- Supreme Court of the United States

Argued October 6, 1981 Decided December 8, 1981
- Full case name: Gary E. Widmar v. Clark Vincent
- Citations: 454 U.S. 263 (more) 102 S. Ct. 269; 70 L. Ed. 2d 440

Case history
- Prior: Chess v. Widmar, 480 F. Supp. 907 (W.D. Mo. 1979); reversed, 635 F.2d 1310 (8th Cir. 1980); cert. granted, 450 U.S. 909 (1981).

Holding
- When a public university opens its facilities to student meetings, it creates a public forum; given no other justification, the university may not exclude religious groups based on the content of its members’ speech.
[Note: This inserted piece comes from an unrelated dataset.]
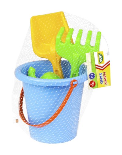 Kyblík o průměru 16cm / 1,4l, hrábě, lopatka, 3x formička

Because the University of Missouri denied this space to Cornerstone, an avowedly Christian organization, it violated both Cornerstone's 14th Amendment equal protection rights, as well as its guarantee of free speech rights found in the First Amendment.

Court membership
- Chief Justice Warren E. Burger Associate Justices William J. Brennan Jr. · Byron White Thurgood Marshall · Harry Blackmun Lewis F. Powell Jr. · William Rehnquist John P. Stevens · Sandra Day O'Connor

Case opinions
- Majority: Powell, joined by Burger, Brennan, Marshall, Blackmun, Rehnquist, O'Connor
- Concurrence: Stevens
- Dissent: White

Laws applied
- U.S. Const. amends. I, XIV;

= Widmar v. Vincent =

Widmar v. Vincent, 454 U.S. 263 (1981), held that when the U.S. government provides an "open forum," it may not discriminate against speech that takes place within that forum on the basis of the viewpoint it expresses—in this case, against religious speech engaged in by an evangelical Christian organization.

==Facts==
Cornerstone, a Christian organization for students of the University of Missouri–Kansas City, had for many years, with University permission, used classrooms for its weekly meetings. In 1977, the group sought to use additional room for religious services, outside of instructional hours. The university rejected the request, citing university and state regulations prohibiting the use of the public space for worship, as a violation of the Establishment Clause.

Cornerstone filed suit in United States District Court for the Western District of Missouri, and the district court issued a summary judgement in favor of the University. Upon appeal, the Eighth Circuit reversed the district court, whereupon the university appealed to the US Supreme Court.

==Majority opinion==
In an 8–1 decision, Justice Lewis Powell wrote for the majority, that "through its policy of accommodating their meetings, the University [had] created a forum generally open for use by student groups." In order to justify the exclusion of speech from such a public forum based on the speech's religious content, the University "must show that its regulation is necessary to serve a compelling state interest and that it is narrowly drawn to achieve that end."

In this case, the University asserted an interest in fulfilling its responsibilities under the Establishment Clause of the First Amendment. The Court agreed that this would count as a compelling state interest. But Powell argues that a regulation opening facilities to both religious and secular groups would pass the three-pronged test established in Lemon v. Kurtzman (1971). The regulation plainly would have a secular purpose. It wouldn't entangle the state excessively with religion. And it doesn't have a primary effect of advancing or inhibiting religion.
The University's argument [that to allow Cornerstone access to the rooms] misconceives the nature of this case. The question is not whether the creation of a religious forum would violate the Establishment Clause. The University has opened its facilities for use by student groups, and the question is whether it can now exclude groups because of the content of their speech. In this context, we are unpersuaded that the primary effect of the public forum, open to all forms of discourse, would be to advance religion.
Powell concluded that it was specious to argue that this use of the rooms would "advance" religion, and thus Cornerstone won its case.

===Stevens' concurring opinion===
Justice Stevens concurred in the Court's opinion, but wrote a concurrence to note a minor disagreement about whether or not the situation even amounted to a "forum".

==Dissenting opinion==
Justice White held that, while the university was not prohibited from granting Cornerstone the right to use the rooms for religious service, strongly asserted that the university had no obligation to do so. What is "can do" is not the same as what it "must do", he stated.

==Aftermath==
In 1984, Congress passed a law, the Equal Access Act, which extended the effect of the Court's opinion in Widmar to all secondary schools that receive federal education funds.